GitHub shared the technology that went into developing Topics, it’s recently launched feature that lets developers tag repositories with descriptive words or phrases. The ultimate goal is to make it easy for developers to discover new projects and to explore GitHub.
Topics is GitHub’s first machine learning project in production, and it’s the first of a series of machine-learning powered features that GitHub will roll out in the coming months. Topic suggestions on public repositories provides a quick and easy way to add tags to repositories in GitHub, and these suggestions all come from recent data science work.
To develop Topics, GitHub started with repository names, descriptions, and READMEs, since they provide functionality, use cases, and features to human readers. From their, GitHub developed a topic extraction framework called repo-topix to learn from the human-readable text that users provide, according to Kavita Ganesan, data scientist and data mining expert, in a blog.
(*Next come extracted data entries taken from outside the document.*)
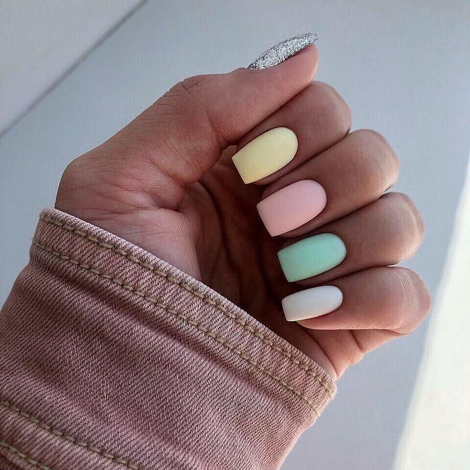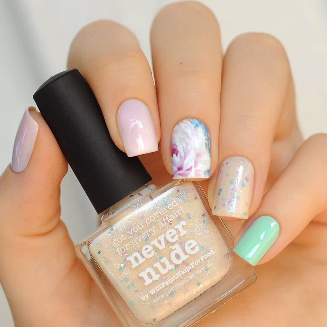 Вне зависимости от выбранного вами дизайна, существуют определённые правила, благодаря которым маникюр станет очаровательным. Скажите «нет» контрастным оттенкам. Даже очень светлые тона голубого и розового будут смотреться намного хуже, чем тот же розовый или бежевый цвет в различных оттенках. Лучше комбинировать похожие тона, например, мятный и бирюзовый, лавандовый и сиреневый и так далее.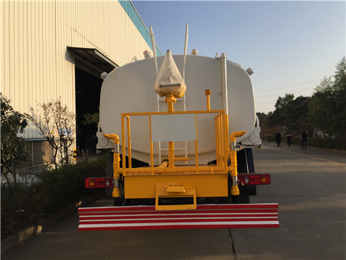 灑水車前裝有鴨形噴嘴或圓頭沖嘴,后面裝有圓柱開灑水噴嘴或蓮蓬頭噴嘴,后部有一工作平臺,裝配有水炮。后部還可裝8個噴嘴(選裝)噴水器一般用于沖洗街道,起除塵和降溫作用,其噴水器可以用調節噴嘴螺紋的方法改變噴水器的噴灑方向和角度,高射水炮可以用于城鄉園林綠化及應急消防。蓮蓬嘴可以澆落路中間噴水器沖起的灰塵,起到清潔空氣的作用。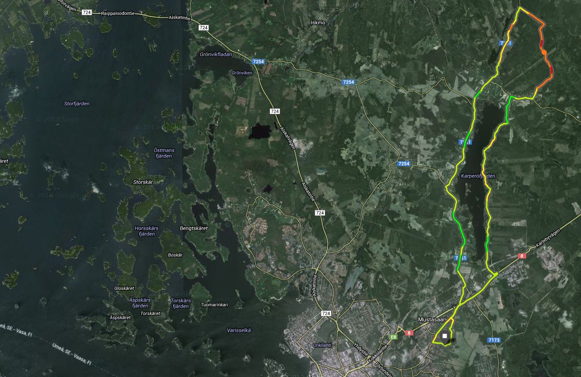Denna sensommardag bjöd på ett härligt väder. Solen sken från en klar himmel och kvicksilvret kröp över 20 grader. Jag tog en tur till Kuni och tillbaka. Men inte längs riksåttan utan till största delen genom skogen. Dagens rutt blev hemifrån, via Korsnäståget, Höstves, Storhälleberget, Båskas, Staversby, Miekka, längs Klumpvägen till Kuni där jag vände. Tillbaka längs Långträsk skogsväg, via Voitby, Båskas, Molnträsket, Skjutbanan, Fågelberget och hem. Det var kanske inte världens bekvämaste cykling på grund av grovt krossgrus men ändå en fin rutt. Nästan lite nostalgiskt att cykla mellan Kuni och Skatila. Det var där vi sprang Botniamarschen på 80-talet.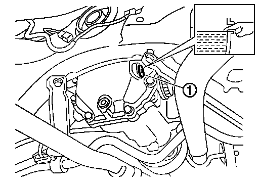 1.Remove filler plug (1). Fill with new gear oil until oil level reaches the specified level near filler plug mounting hole.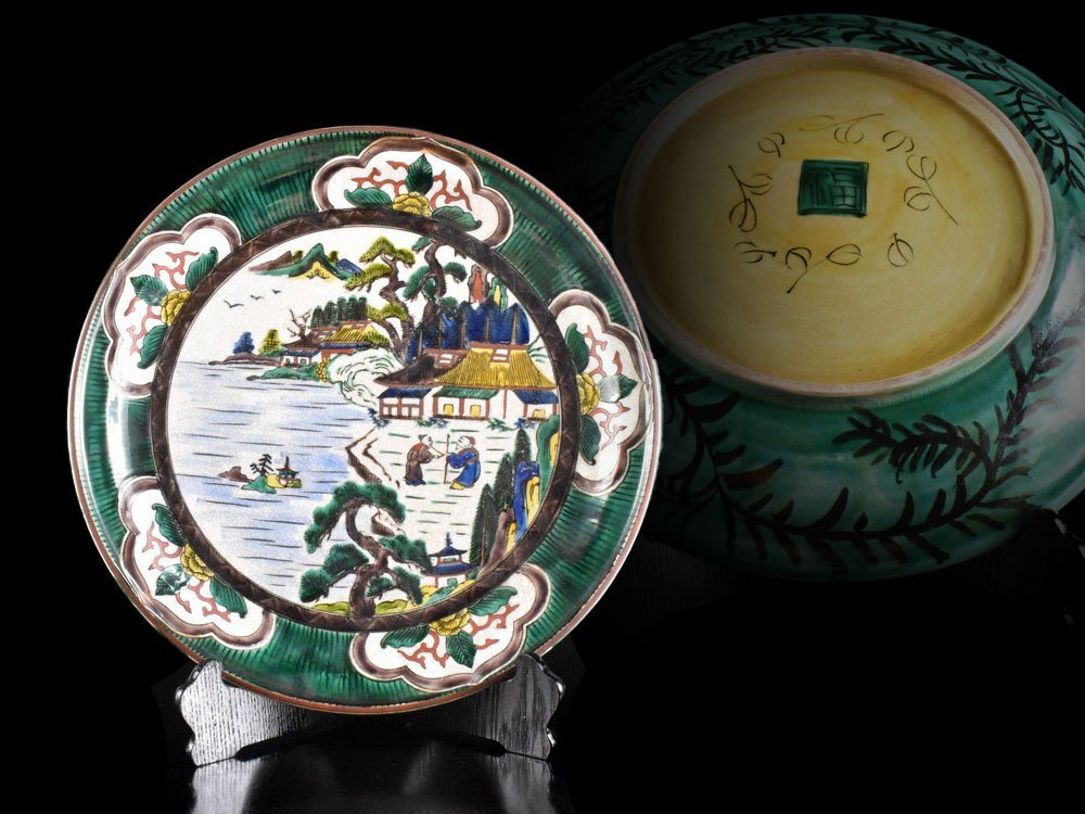 | 商品名 | 【雲】某有名資産家買取品 古九谷 青九谷 楼閣山水 賢人絵付 大皿 角福 古美術品(青手 飾皿 吉田屋窯)Y7427 OTDhgf |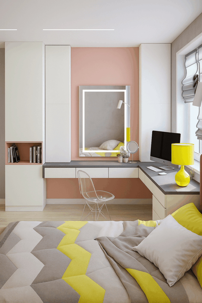 - Создание функциональной зоны — делим пространство на рабочую‚ зону для отдыха и хранения вещей.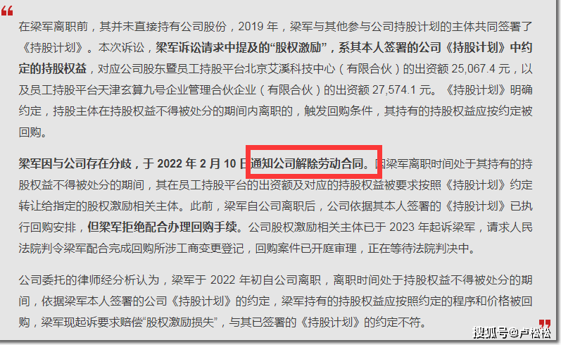 寒武纪公司公告写得很明确:梁军因与公司存在分歧,于 2022 年 2 月 10 日通知公司解除劳动合同。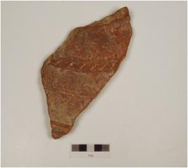 | Description / विवरण | Fragment of a red ware treated with red slip on the outer surface incised with oblique band in applique, oblique strokes, horizontal line and a ridge below. |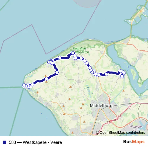 The first stop of the 583 bus route is Veere, Nieuw-Sandenburgh and the last stop is Westkapelle, Zuidstraat. 583 (Westkapelle - Veere) is operational during on weekdays.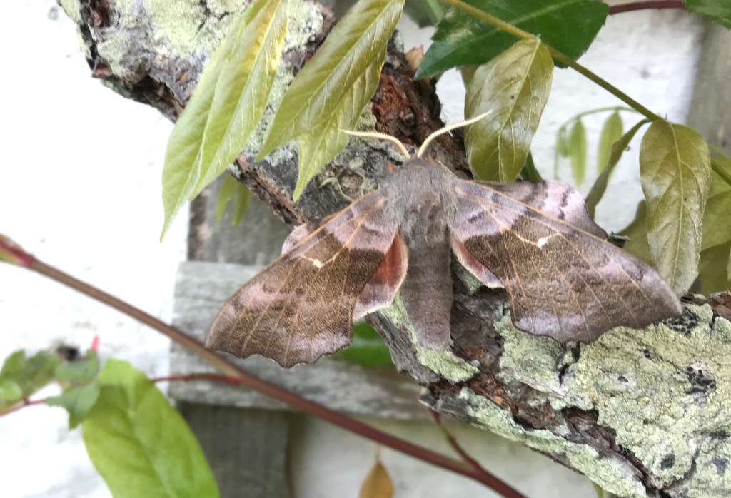 A very fresh Poplar Hawk-moth showing lilac tones and just a little of its burgundy patch on its hindwing. These are normally held forward of the forewings which gives it an unusual appearance.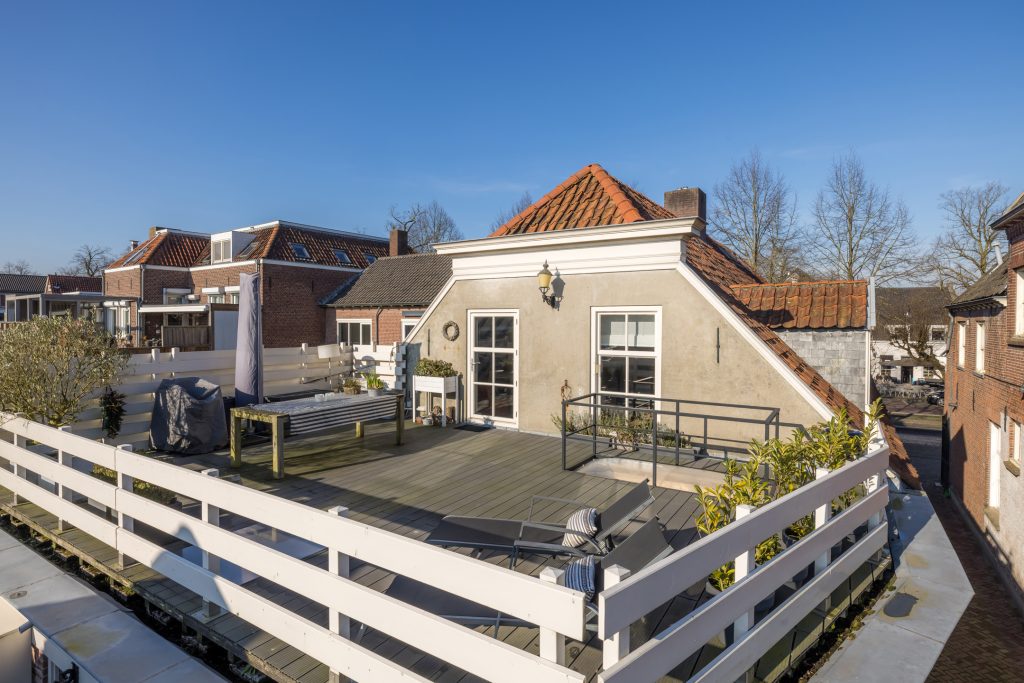 De bovenverdieping is al helemaal ingericht voor comfortabel dagelijks leven. U vindt hier een moderne keuken en een sfeervolle woonkamer die via grote raampartijen profiteert van veel natuurlijk licht. Direct grenzend aan deze leefruimte is er een royaal dakterras op het zuiden, waar u in alle privacy kunt genieten van de zon. Verder zijn er twee slaapkamers, een ruime badkamer en een extra logeerruimte op de tweede verdieping. Dit alles zorgt ervoor dat zowel senioren als jonge tweeverdieners zich direct thuis zullen voelen.
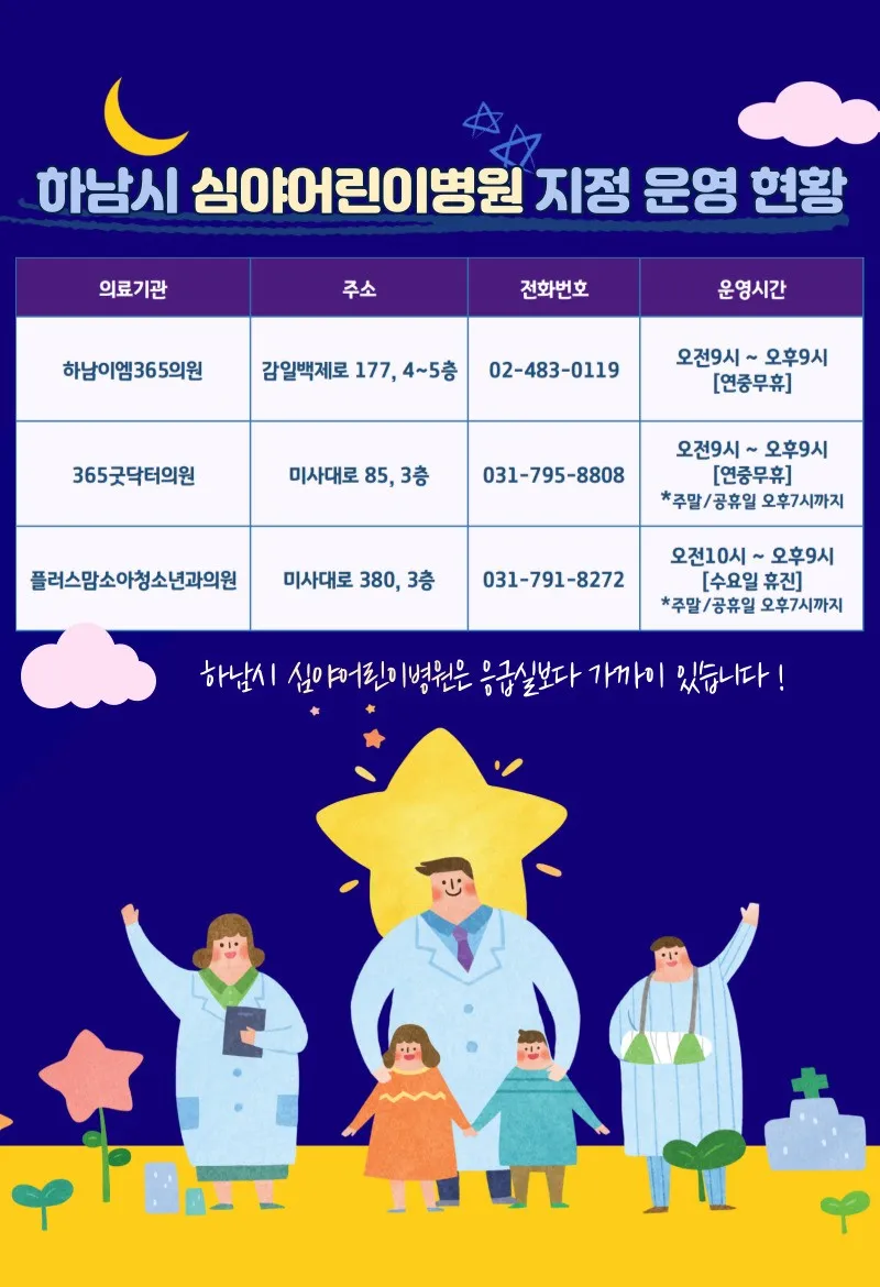 하남이엠365의원 / 365굿닥터의원 / 플러스맘소아청소년과의원(플러스맘은 명절당일 휴무)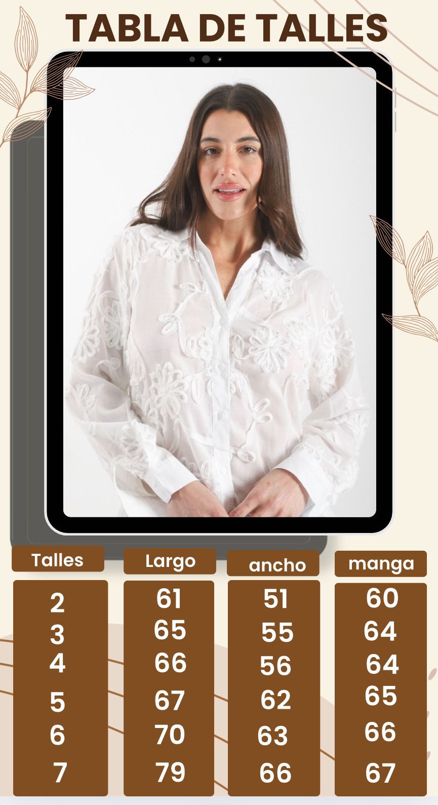 CAMISA ELDA BORDADA HOJAS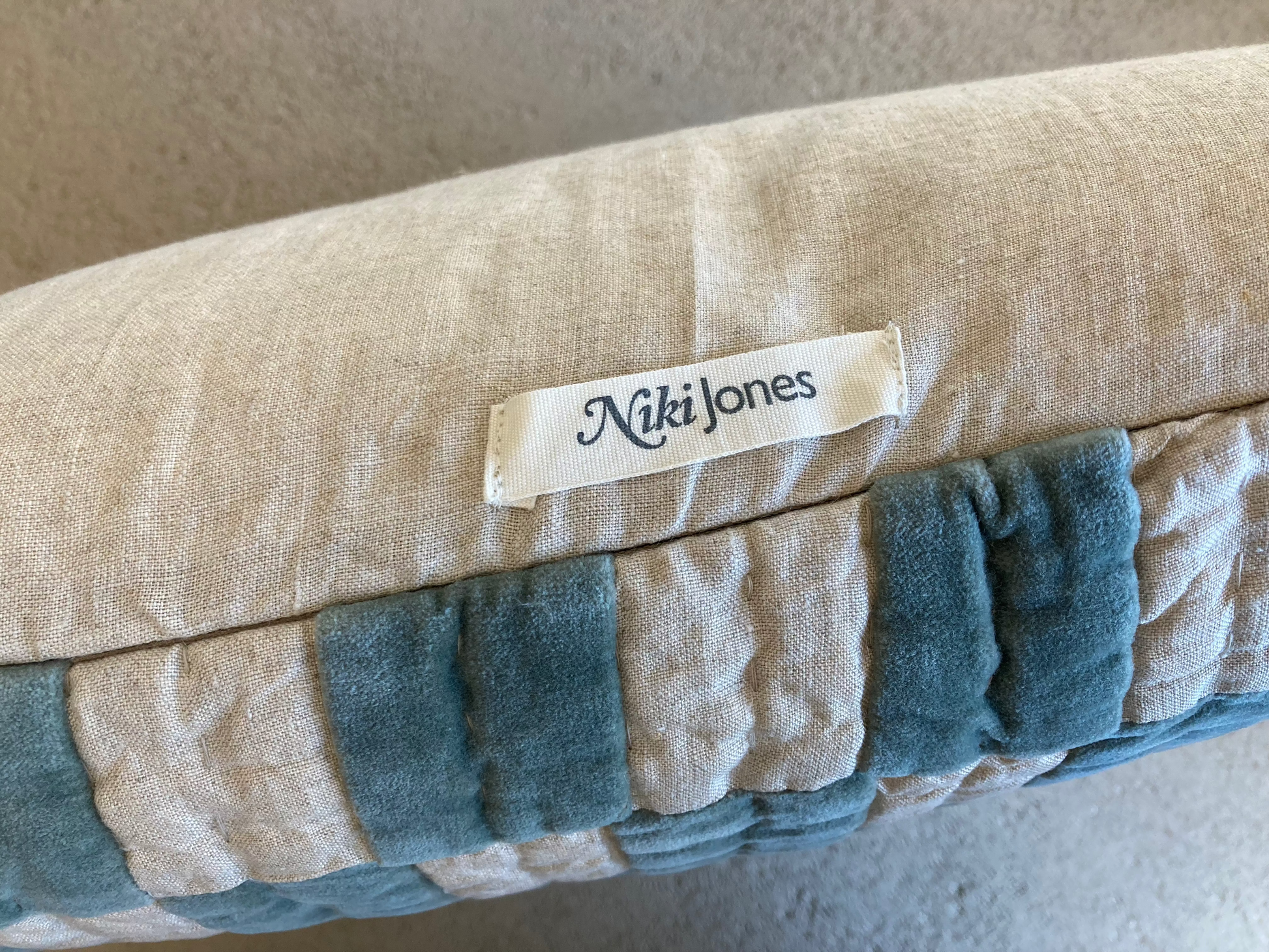This limited edition 'Patchwork' collection explores the intricate handmade process of this craft, enhanced by the contrast of our cotton velvet and natural linen. Modern day heirlooms to be passed down for generations. Hand stitched quilting on a soft cotton velvet and natural linen patchwork front and natural linen reverse. Filled with 100% cotton, giving the piece a quilted front.

Repo-topix does three things:
- Generates candidate topics from natural language text by incorporating data from millions of other repositories
- Selects the best topics from the set of candidates
- Finds similarities and relationships in topics to facilitate discoverability
According to GitHub, the topics extraction framework is able to discover new topics for any public repository. It also focuses on using lightweight methods that can easily scale as GitHub.com’s repository base grows over the years.
“Our plan for the near future is to evaluate the usage of suggested topics as well as manually created topics to continuously improve suggestions shown to users,” writes Ganesan. “Some of the rejected topics could feed into our topics extraction framework as stop words or as negative examples to our keyword filtering model.”
Ganesan also writes that GitHub plans on exploring topic suggestions on private repositories and with GitHub Enterprise, but in a way that obeys by privacy concerns and eliminates data dependencies.